Prognostic factors of patients with pathologic stage I lung adenocarcinoma

Introduction

Lung cancer remains one of the most common causes of cancer-related deaths worldwide. Increasingly more research is aimed at investigating the clinicopathologic parameters or gene mutations involved in the survival of patients with lung cancer. Although the 5-year survival rate of stage I non-small cell lung cancer (NSCLC) is between 68% and 92% (stage IA1 to IB) (1), there is still much scope for progress. In our previous study (2), we reviewed the predictors of postoperative recurrence in NSCLC and postulated that those results may help optimize patient selection for specified surveillance guidelines and personalized adjuvant therapies to prevent potential occult micrometastases. In Taiwan, lung adenocarcinoma is the most common histologic subtype (12,648/21,536, 58.73%) that had become more prevalent among non-smoking women (3). Moreover, predictors of postoperative outcomes in lung adenocarcinoma have been a popular investigatory target in recent years. Therefore, we used the search engine PubMed and reviewed papers about the risk factors of postoperative outcomes in patients with stage I lung adenocarcinoma (Table 1).

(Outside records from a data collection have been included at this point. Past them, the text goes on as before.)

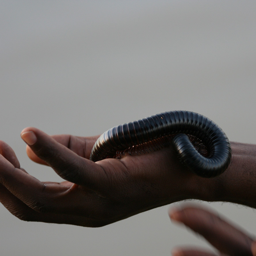 shongololo, songololo (noun) – Large brown millipede, from the isiXhosa and isiZulu ukushonga (to roll up).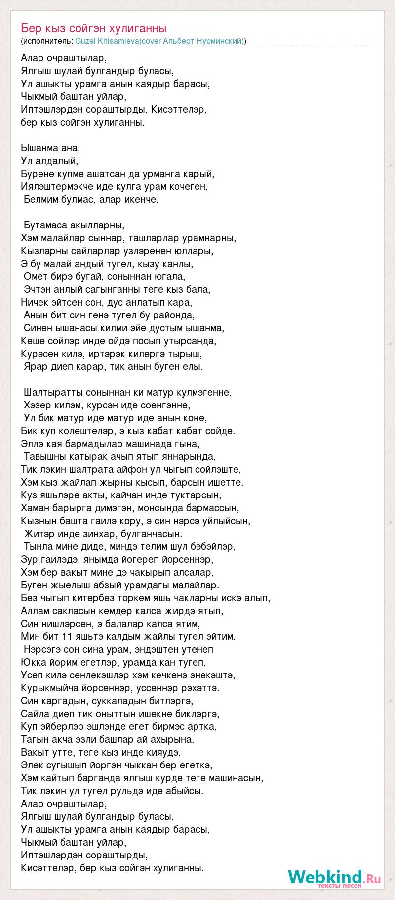 Алар очраштылар, Ялгыш шулай булгандыр буласы, Ул ашыкты урамга анын каядыр барасы, Чыкмый баштан уйлар, Иптэшлэрдэн сораштырды, Кисэттелэр, бер кыз сойгэн хулиганны. Ышанма ана, Ул алдалый, Бурене купме ашатсан да урманга карый, Иялэштермэкче иде кулга урам кочеген, Белмим булмас, алар икенче. Бутамаса акылларны, Хэм малайлар сыннар, ташларлар урамнарны, Кызларны сайларлар узлэренен юллары, Э бу малай андый тугел, кызу канлы, Омет бирэ бугай, соныннан югала, Эчтэн анлый сагынганны теге кыз бала, Ничек эйтсен сон, дус анлатып кара, Анын бит син генэ тугел бу районда, Синен ышанасы килми эйе дустым ышанма, Кеше сойлэр инде ойдэ посып утырсанда, Курэсен килэ, иртэрэк килергэ тырыш, Ярар диеп карар, тик анын буген елы. Шалтыратты соныннан ки матур кулмэгенне, Хэзер килэм, курсэн иде соенгэнне, Ул бик матур иде матур иде анын коне, Бик куп колештелэр, э кыз кабат кабат сойде. Эллэ кая бармадылар машинада гына, Тавышны катырак ачып ятып яннарында, Тик лэкин шалтрата айфон ул чыгып сойлэште, Хэм кыз жайлап жырны кысып, барсын ишетте. Куз яшьлэре акты, кайчан инде туктарсын, Хаман барырга димэгэн, монсында бармассын, Кызнын башта гаилэ кору, э син нэрсэ уйлыйсын, Житэр инде зинхар, булганчасын. Тынла мине диде, миндэ телим шул бэбэйлэр, Зур гаилэдэ, янымда йогереп йорсеннэр, Хэм бер вакыт мине дэ чакырып алсалар, Буген жыелыш абзый урамдагы малайлар. Без чыгып китербез торкем яшь чакларны искэ алып, Аллам сакласын кемдер калса жирдэ ятып, Син нишлэрсен, э балалар калса ятим, Мин бит 11 яшьтэ калдым жайлы тугел эйтим. Нэрсэгэ сон сина урам, эндэштен утенеп Юкка йорим егетлэр, урамда кан тугеп, Усеп килэ сенлекэшлэр хэм кечкенэ энекэштэ, Курыкмыйча йорсеннэр, уссеннэр рэхэттэ. Син каргадын, суккаладын битлэргэ, Сайла диеп тик оныттын ишекне биклэргэ, Куп эйберлэр эшлэнде егет бирмэс артка, Тагын акча эзли башлар ай ахырына. Вакыт утте, теге кыз инде кияудэ, Элек сугышып йоргэн чыккан бер егеткэ, Хэм кайтып барганда ялгыш курде теге машинасын, Тик лэкин ул тугел рульдэ иде абыйсы. Алар очраштылар, Ялгыш шулай булгандыр буласы, Ул ашыкты урамга анын каядыр барасы, Чыкмый баштан уйлар, Иптэшлэрдэн сораштырды, Кисэттелэр, бер кыз сойгэн хулиганны.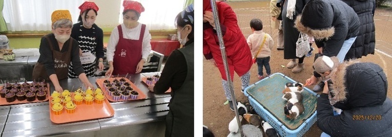 毎月第四木曜日に「喫茶やすらぎ」を開催。10月はハロウィンのカップケーキを用意したり、生演奏で盛り上がったり。喫茶の運営にあたるコーヒーの準備・洗い場・ウェイトレスなどは白寿荘の利用者、地域のボランティアの方が主に担ってくださり、交流の機会にもなっています。また、喫茶以外にもイベントとして移動動物園を開催し、地域からもたくさんの参加がありました。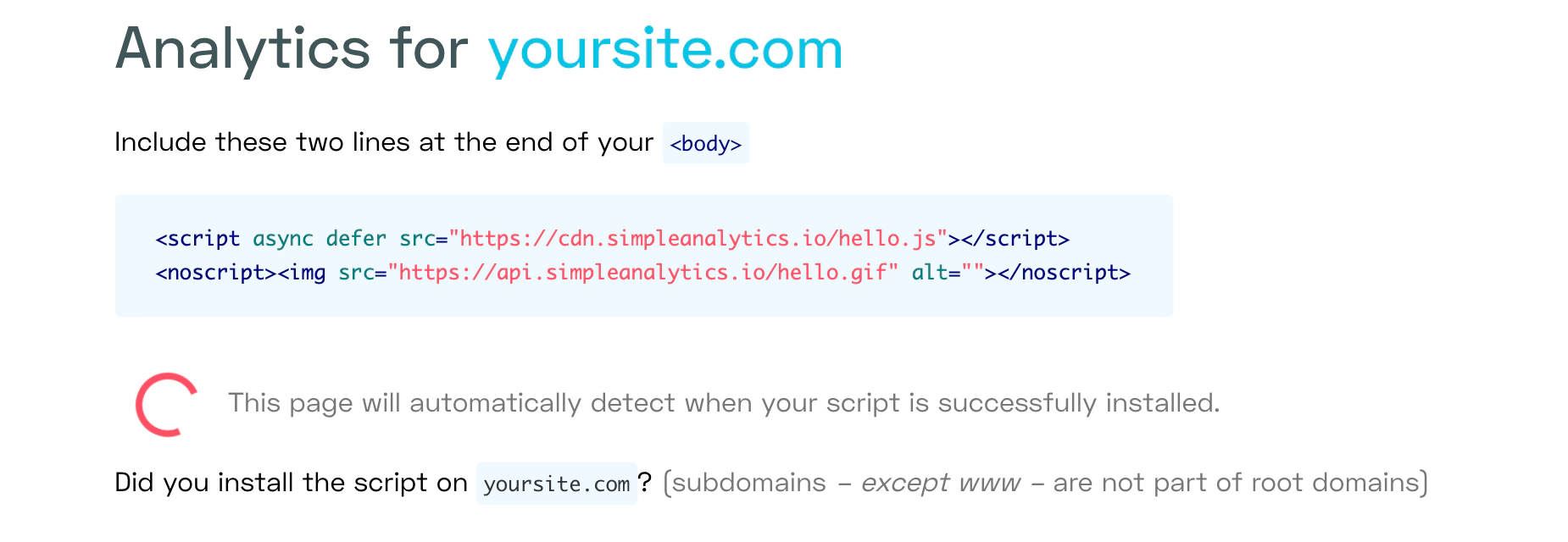 Simple Analytics requires the tracking code to be in the <body> of each page on your site, so paste it into the Footer section and hit save.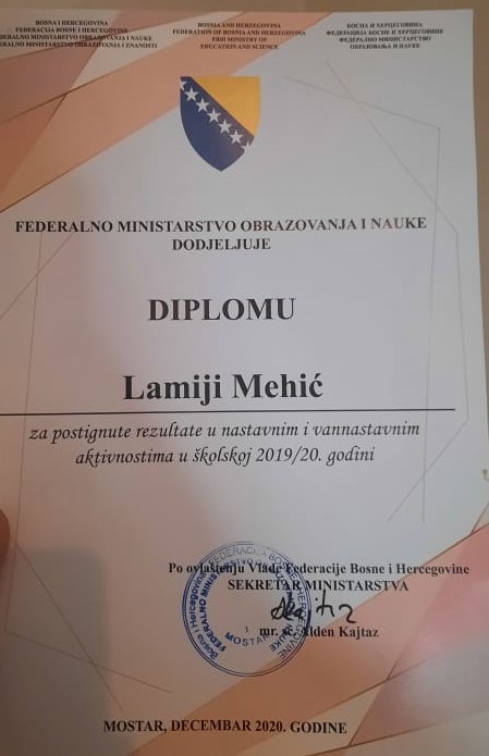 Nagrađeni najbolji učenici osnovnih i srednjih škola u Federaciji BiH – Mehić Lamija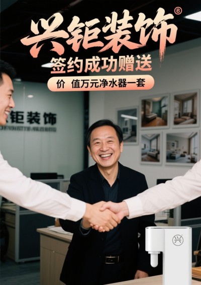 装修焕新家,豪礼重磅来袭!兴钜装饰诚意巨献,即日起,凡签订装修合同金额达10万元及以上,即赠价值万元高端净水器一套,为您和家人的健康饮水保驾护航!让清新水质融入日常,畅享品质生活。特别说明:参与打折优惠活动的订单不与本赠品同享,优惠不叠加。机会难得,品质家装与健康好物一步到位,速来锁定名额,开启理想...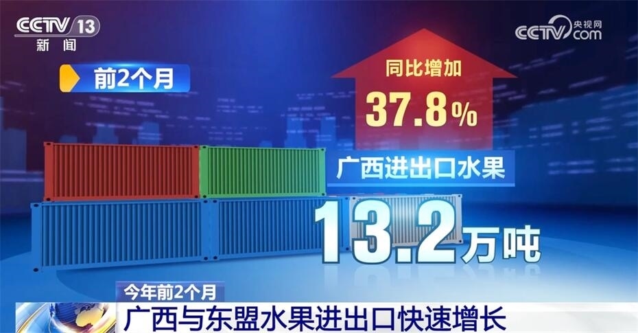 記者從南寧海關(guān)獲悉,今年前2個月,廣西進出口水果13.2萬噸,同比增加37.8%,主要進口國為越南、泰國等東盟國家。
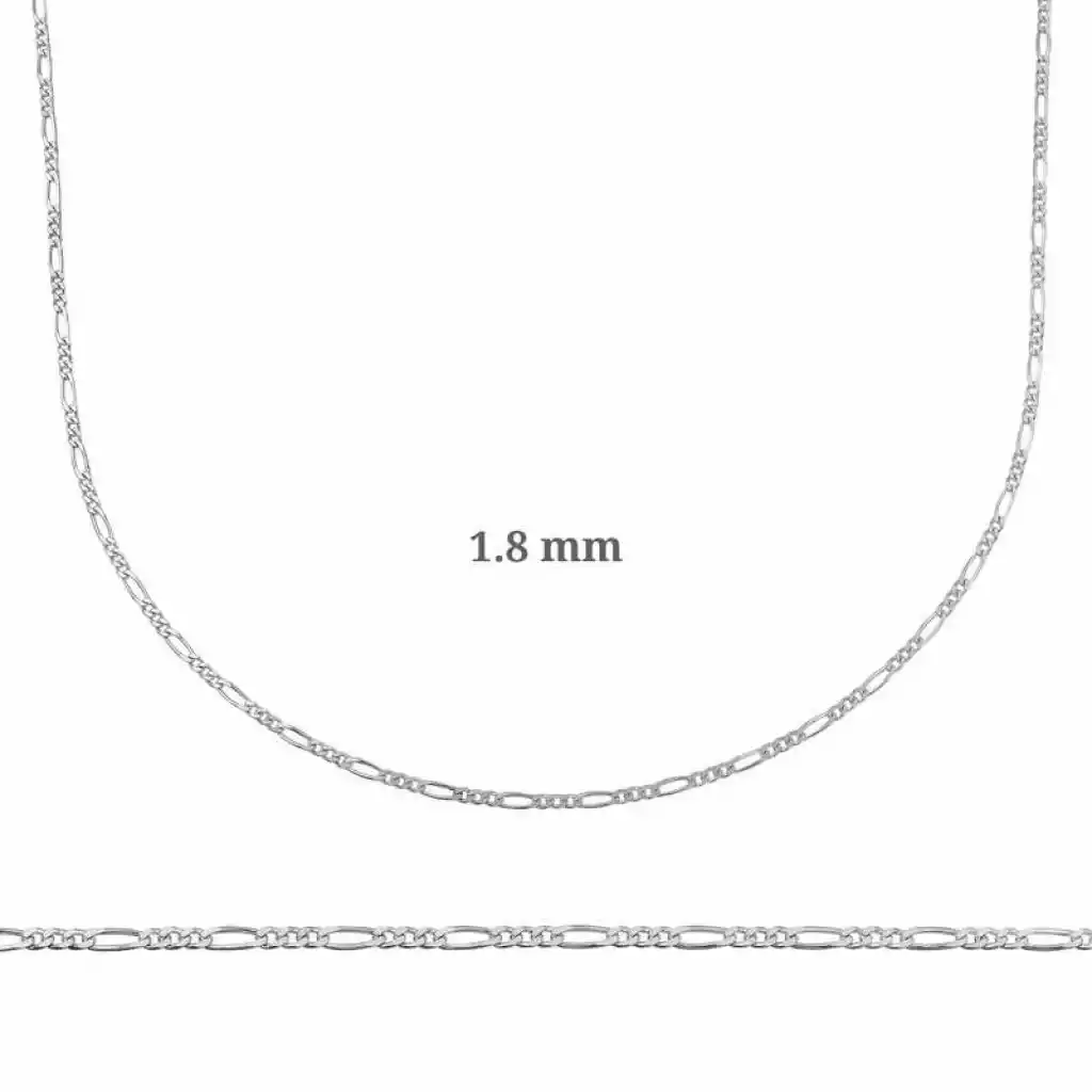 1.8 mm Gümüş Figaro Zincir - 0.50 mikron

Table 1 Comparison of prognostic factors for patients with stage I lung adenocarcinoma
Full table

Risk factors of postoperative outcomes in pathologic stage I lung adenocarcinoma

We utilized key words such as “predictors” or “risk factors” and “stage I lung adenocarcinoma” in PubMed. Twenty-nine papers were found published between 1994 and 2017. Among these, 21 (72.41%) papers were published in the last 5 years and the patient populations of 22 studies were Asian. Therefore, an increasing number of patients with early-stage lung adenocarcinoma have been treated in the recent decades and therapeutic outcomes are still being investigated. The studies listed in Table 1 provide a broad overview of the geographical distribution and high prevalence of lung adenocarcinoma in Asia.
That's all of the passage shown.